Heliconia Hummerschere

Nomen est omen – die Blüten der Heliconia longiflora sind besonders lang und zeigen strukturelle Ähnlichkeiten zur Strelitzienblüte.

Herkunft und Verbreitung der Heliconia

Die Herkunft und natürliche Verbreitung der Helikonien erstreckt sich überwiegend über das tropische Südamerika, aber auch in Australien und Ozeanien sind Heliconiaarten zuhause. Bei uns sind die verschiedenen Arten regelmäßig Bestandteil der tropischen Sammlungen in Botanischen Gärten. Ihre aparten Blüten werden übrigens auch gerne von Floristen verwendet, man findet sie gelegentlich in besonders aufwändigen und dekorativen Blumensträußen. 

Heliconia Hummerschere

Auch als Schnittblume macht sich die Helikonie gut.

Botanik und Wuchs der Hummerscheren

Wesentlich enger als die Beziehung zur Strelitzie ist die zu den Bananen. Die Gattung Heliconia gehört zu den Bananengewächsen und hat daher mit Bananen auch einige Gemeinsamkeiten. Allen voran ist der Scheinstamm zu nennen. Dieser verholzt nicht, bildet aber dennoch ein Fundament für das Wachstum der langen Blätter. Diese wachsen -im Gegensatz zur Banane- an einem langen Stiel und sind länglich oval. Je nach Art wachsen die Blüten aufrecht stehend in Bodennähe oder werden von oben herab gebildet, so dass sich bei den hängenden Blüten ein wunderbar tropisches Ambiente ergibt. 

Heliconia Hummerschere

Die Blüten der Heliconia psittacorum sind klein und blau-weiss.

Der Blütenstand ist selbstverständlich die Hauptattraktion der Hummerschere.

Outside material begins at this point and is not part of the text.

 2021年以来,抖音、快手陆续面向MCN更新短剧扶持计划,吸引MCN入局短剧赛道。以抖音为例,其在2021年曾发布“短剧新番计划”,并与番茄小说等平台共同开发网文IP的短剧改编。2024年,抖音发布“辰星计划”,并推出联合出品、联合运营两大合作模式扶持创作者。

Er umfasst mal mehr, mal weniger Einzelblüten. Diese werden von in der Regel roten oder orangefarbenen Hochblättern umgeben. Die eigentlichen Blüten sind -wie etwa bei der Bougainvillea oder dem Weihnachtsstern- unscheinbar. 

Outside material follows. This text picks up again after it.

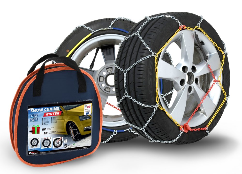 Sněhové řetězy, pro osobní vozidla do hmotnosti 1800 kg, splňující evropské normy včetně v Rakousku vyžadované "ÖNORM V 5117".

Die interessantesten Arten

Nur die wenigsten werden einen großen Wintergarten besitzen, in dem man große Helikonien-Stauden kultivieren kann. Es empfiehlen sich ganz allgemein für die Kultur klein bleibende Arten, bei denen die Blüte aufrecht wächst. In Frage kommen dafür etwa die

  • H. bihai, die auch als Scharlachrote Hummerschere bekannt ist
  • H. psittacorum
  • H. humilis
Heliconia Hummerschere

Die kleinbleibende und aufrecht wachsende Heliconia humilis

Die passende Pflege für die Hummerschere

Damit die Helikonie gedeihen kann, braucht sie Standortbedingungen, die denen ihrer Heimat weitgehend entsprechen.

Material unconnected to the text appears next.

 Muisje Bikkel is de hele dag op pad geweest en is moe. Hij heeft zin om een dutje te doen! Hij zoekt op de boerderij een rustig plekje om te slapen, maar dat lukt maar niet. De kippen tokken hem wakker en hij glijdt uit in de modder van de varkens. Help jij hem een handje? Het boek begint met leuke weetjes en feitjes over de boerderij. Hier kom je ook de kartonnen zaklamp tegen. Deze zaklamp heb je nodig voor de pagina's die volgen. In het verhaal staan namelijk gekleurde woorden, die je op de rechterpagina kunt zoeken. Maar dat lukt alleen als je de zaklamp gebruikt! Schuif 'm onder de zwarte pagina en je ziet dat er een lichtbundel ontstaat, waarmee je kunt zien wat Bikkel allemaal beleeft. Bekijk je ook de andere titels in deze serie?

Der ideale Helikonien-Standort

Da sie tropischen bis subtropischen Ursprungs ist, benötigt sie ein dauerhaft warmes Quartier. Die Temperatur sollte im Sommer bei ca. 25° C, im Winter um die 20° C aber nicht unter 15° C liegen. Damit ist klar, dass die Heliconia nicht ungeschützt im Freiland platziert werden kann. Sie kann aber sehr gut in einem warmen Wintergarten, sowie als Zimmerpflanze gehalten werden, wenn ein feuchtes Klima geschaffen werden kann. Wer viel Platz im Haus hat, kann auch ein Pflanzenzimmer einrichten, wo sich Exoten wie die Hummerschere wohlfühlen. 

Die Lichtverhältnisse sind eher halbschattig als sonnig, im Sommer muss die Helikonie sogar vor Sonne geschützt werden. Dennoch braucht man die Sonne, um ausreichende Wärme zu erzielen. 

Heliconia Hummerschere

Eine fast klassisch schöne hängende Helikonienblüte

Gießen und Befeuchten

Das richtige Maß an Feuchtigkeit ist das A und O bei tropischen Pflanzen. Auf der einen Seite müssen Pflanzen wie die Hummerschere dauerhaft feucht gehalten werden. Diese Grundfeuchte darf aber nicht in Staunässe und übermäßige Feuchte umschlagen. Die Staunässe nimmt den Wurzeln den lebensnotwendigen Sauerstoff, übermäßige Feuchte führt zu Schimmelbildung. Insofern kommt bei der Pflege der Lüftung eine mitentscheidende Rolle zu. Regelmäßige Luftaustausch hilft, Wasser zu verdunsten und somit auch den Wasser- und Nährstofftransport der Pflanzen zu begünstigen. Stehende, stickige Luft dagegen belastet das Klima im Gewächshaus deutlich. 

Heliconia Hummerschere

Eine Heliconia latispatha

Vor diesem Hintergrund lautet die Gießempfehlung, die Heliconia mäßig feucht zu halten. Das erreicht man durch eine regelmäßige, also tägliche Befeuchtung, die aber auch stets den Feuchtegrad berücksichtigt. Das verwendete Wasser sollte weich sein und zimmerwarm sein. Neben dem Gießen ist weiter eine regelmäßige Befeuchtung mit der Sprühflasche ein wichtiger Beitrag zu einer artgerechten Pflege der Heliconia. 

Heliconia Hummerschere

Heliconia pogonantha var. pogonantha

Helikonien düngen

Die Versorgung der Helikonien mit Nährstoffen kann und sollte mit einem Volldünger erfolgen. Dieser kann als Düngestäbchen, als Flüssigdünger oder in Pulverform mit Wasser verabreicht werden. Bitte achtet beim Düngen auch auf den Zustand der Pflanze – wenn sie kein sonderliches Wachstum zeigt, braucht sie auch keinen Dünger. Überdüngung sollte vermieden werden. Gedüngt wird nur in der Wachstumszeit von Mai bis August oder September. 

Heliconia Hummerschere

Die besonders aparte Blüte der Heliconia pendula

Topf und Erde

Am Besten gedeihen die Pflanzen ausgepflanzt im Gewächshaus oder Wintergarten. Bei der Topf- oder Kübelhaltung sollte entsprechend ein großer Kübel verwendet werden. Die Erde ist humos, also nährstoffreich, aber dennoch durchlässig. Das kann mit einem Gemisch aus Komposterde, gekaufter Einheitserde und grobkörnigem Sand erreicht werden. Umgetopft wird im Winter und nur alle zwei bis drei Jahre oder wenn es Pflegeprobleme gibt. 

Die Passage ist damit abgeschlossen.